Records provided:
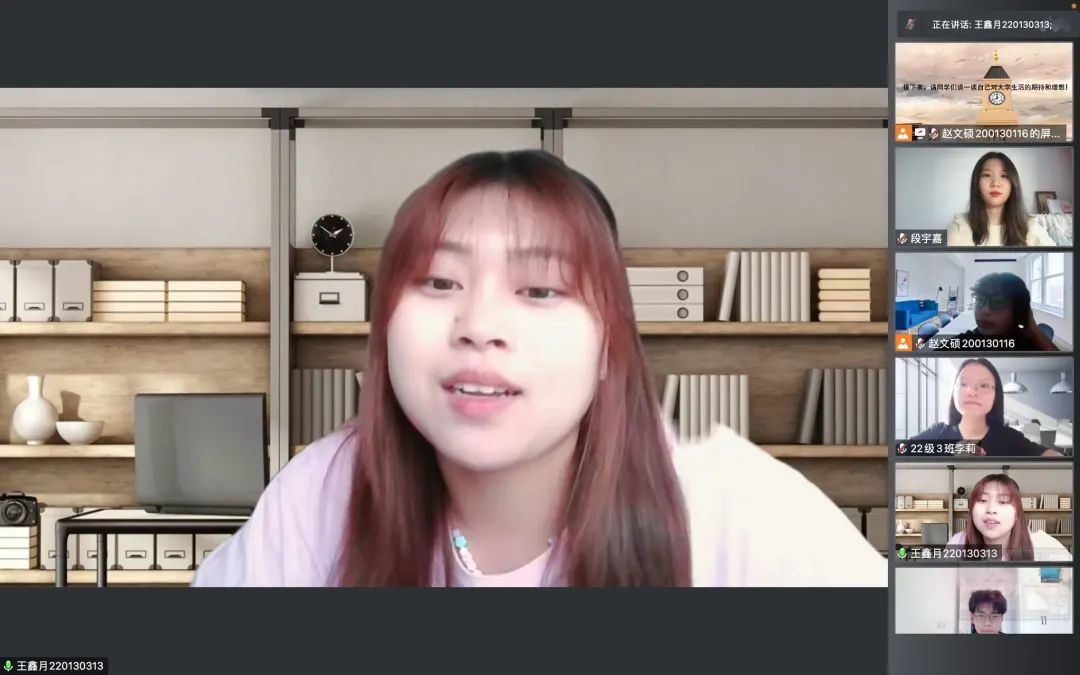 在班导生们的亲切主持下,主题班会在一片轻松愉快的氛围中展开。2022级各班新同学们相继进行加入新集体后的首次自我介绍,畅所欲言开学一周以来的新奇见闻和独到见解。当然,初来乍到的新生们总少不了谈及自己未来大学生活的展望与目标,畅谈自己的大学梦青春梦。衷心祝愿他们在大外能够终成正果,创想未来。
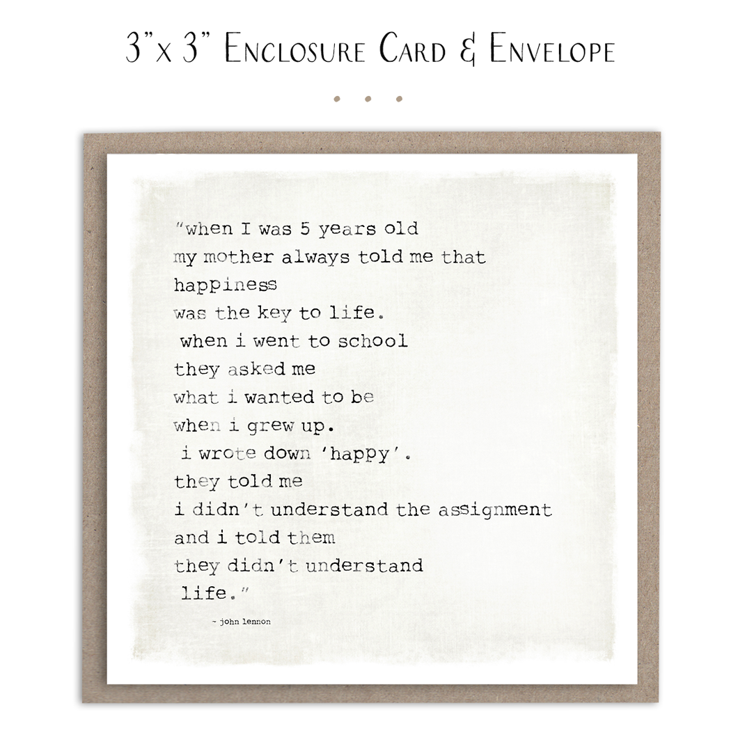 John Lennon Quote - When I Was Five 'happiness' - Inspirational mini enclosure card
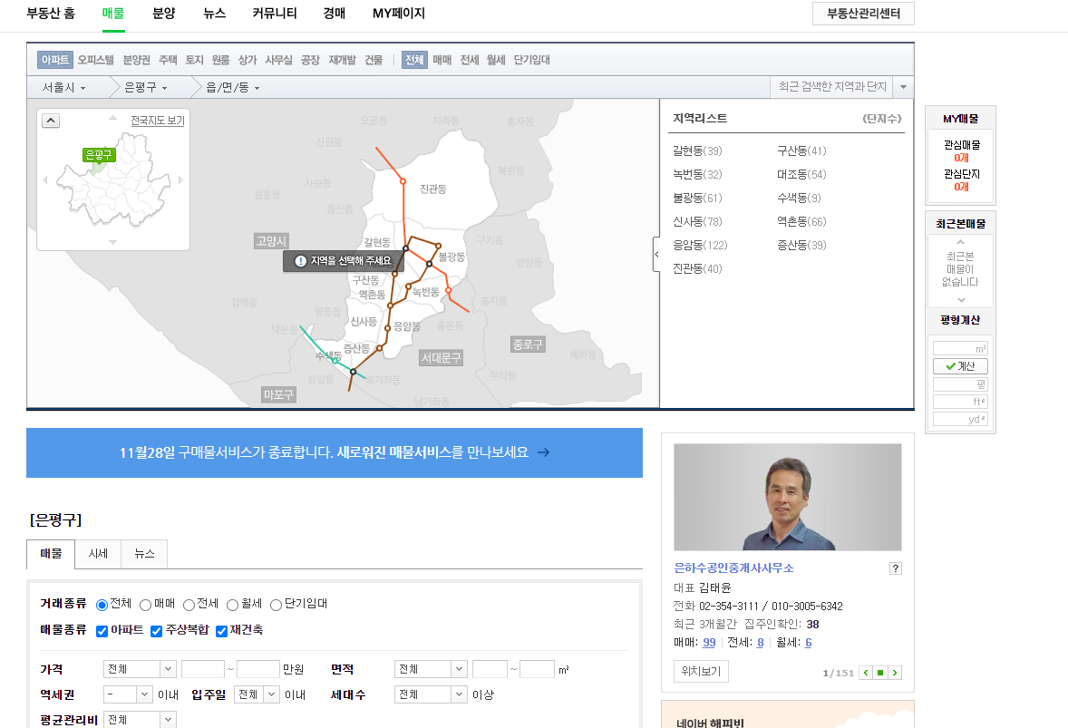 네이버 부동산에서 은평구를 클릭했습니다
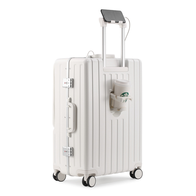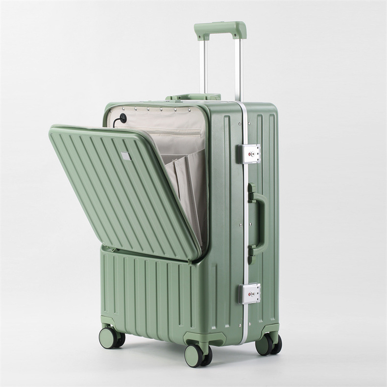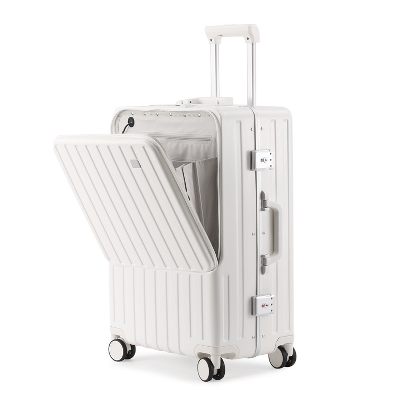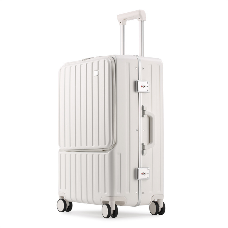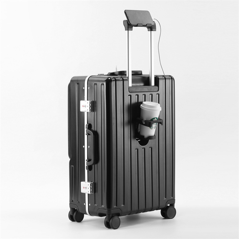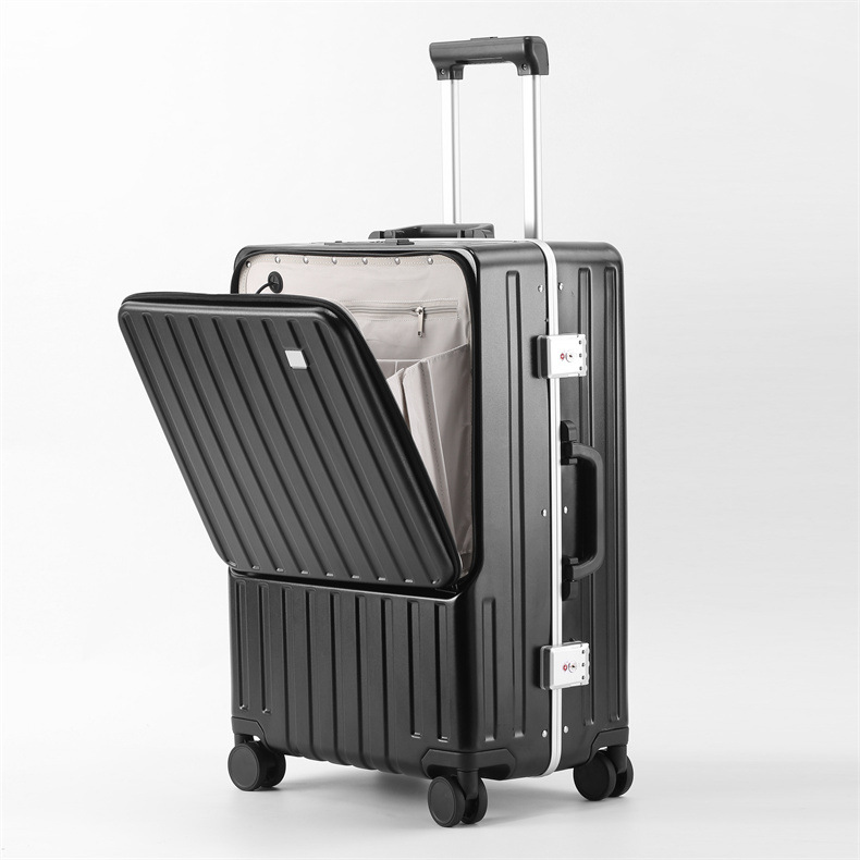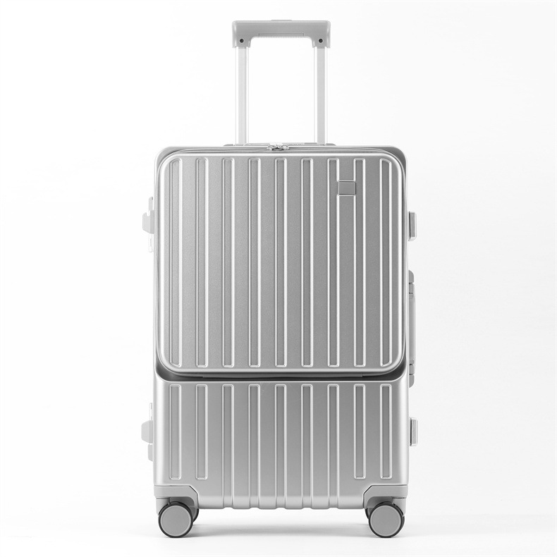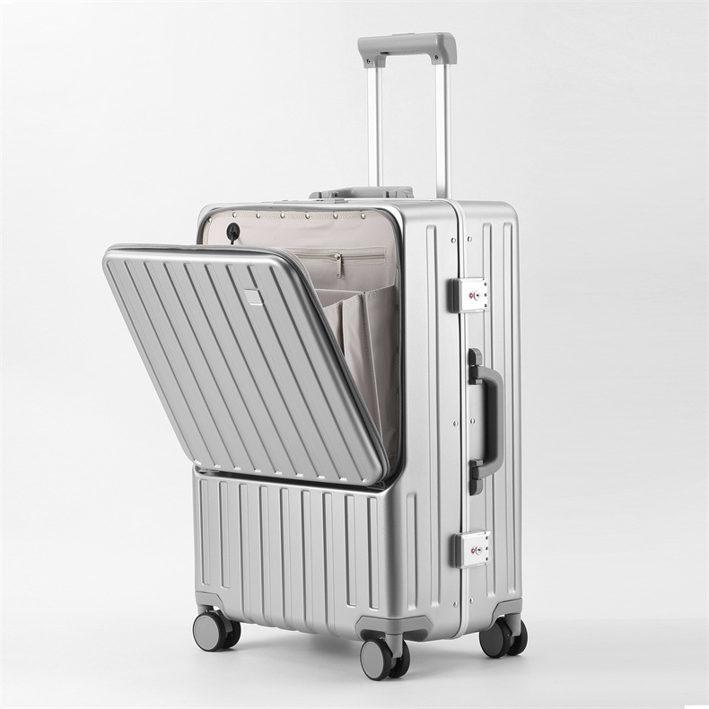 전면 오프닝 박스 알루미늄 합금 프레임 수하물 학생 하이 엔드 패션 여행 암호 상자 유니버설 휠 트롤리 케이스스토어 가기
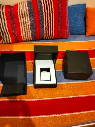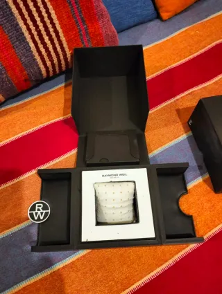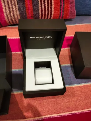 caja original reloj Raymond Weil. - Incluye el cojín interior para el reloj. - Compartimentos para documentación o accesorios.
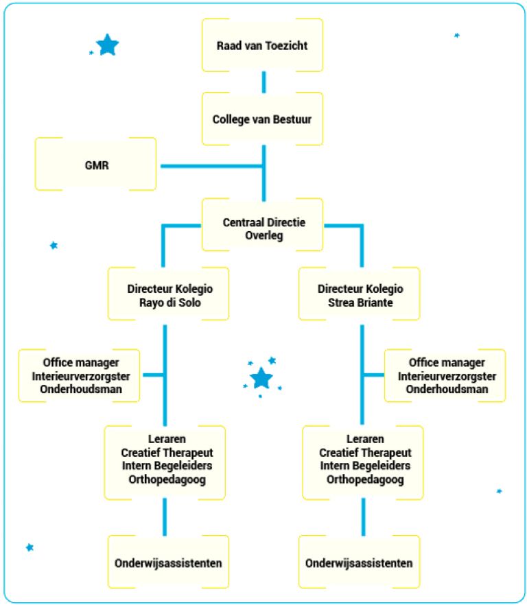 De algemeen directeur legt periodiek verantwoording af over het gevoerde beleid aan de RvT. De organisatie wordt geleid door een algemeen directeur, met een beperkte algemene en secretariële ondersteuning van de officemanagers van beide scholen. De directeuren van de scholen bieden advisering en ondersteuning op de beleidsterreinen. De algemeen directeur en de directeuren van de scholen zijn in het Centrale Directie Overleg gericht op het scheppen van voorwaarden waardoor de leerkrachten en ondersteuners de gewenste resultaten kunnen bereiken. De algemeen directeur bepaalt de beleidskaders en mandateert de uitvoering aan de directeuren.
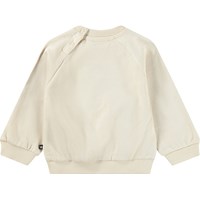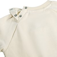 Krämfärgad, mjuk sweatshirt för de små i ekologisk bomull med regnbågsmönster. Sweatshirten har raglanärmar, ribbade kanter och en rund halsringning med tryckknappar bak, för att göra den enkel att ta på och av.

Work order: Only the text of the records belongs in the answer; reproduce it verbatim, with no pictures.

Output of the task:
 在班导生们的亲切主持下,主题班会在一片轻松愉快的氛围中展开。2022级各班新同学们相继进行加入新集体后的首次自我介绍,畅所欲言开学一周以来的新奇见闻和独到见解。当然,初来乍到的新生们总少不了谈及自己未来大学生活的展望与目标,畅谈自己的大学梦青春梦。衷心祝愿他们在大外能够终成正果,创想未来。
 John Lennon Quote - When I Was Five 'happiness' - Inspirational mini enclosure card
 네이버 부동산에서 은평구를 클릭했습니다
 전면 오프닝 박스 알루미늄 합금 프레임 수하물 학생 하이 엔드 패션 여행 암호 상자 유니버설 휠 트롤리 케이스스토어 가기
 caja original reloj Raymond Weil. - Incluye el cojín interior para el reloj. - Compartimentos para documentación o accesorios.
 De algemeen directeur legt periodiek verantwoording af over het gevoerde beleid aan de RvT. De organisatie wordt geleid door een algemeen directeur, met een beperkte algemene en secretariële ondersteuning van de officemanagers van beide scholen. De directeuren van de scholen bieden advisering en ondersteuning op de beleidsterreinen. De algemeen directeur en de directeuren van de scholen zijn in het Centrale Directie Overleg gericht op het scheppen van voorwaarden waardoor de leerkrachten en ondersteuners de gewenste resultaten kunnen bereiken. De algemeen directeur bepaalt de beleidskaders en mandateert de uitvoering aan de directeuren.
 Krämfärgad, mjuk sweatshirt för de små i ekologisk bomull med regnbågsmönster. Sweatshirten har raglanärmar, ribbade kanter och en rund halsringning med tryckknappar bak, för att göra den enkel att ta på och av.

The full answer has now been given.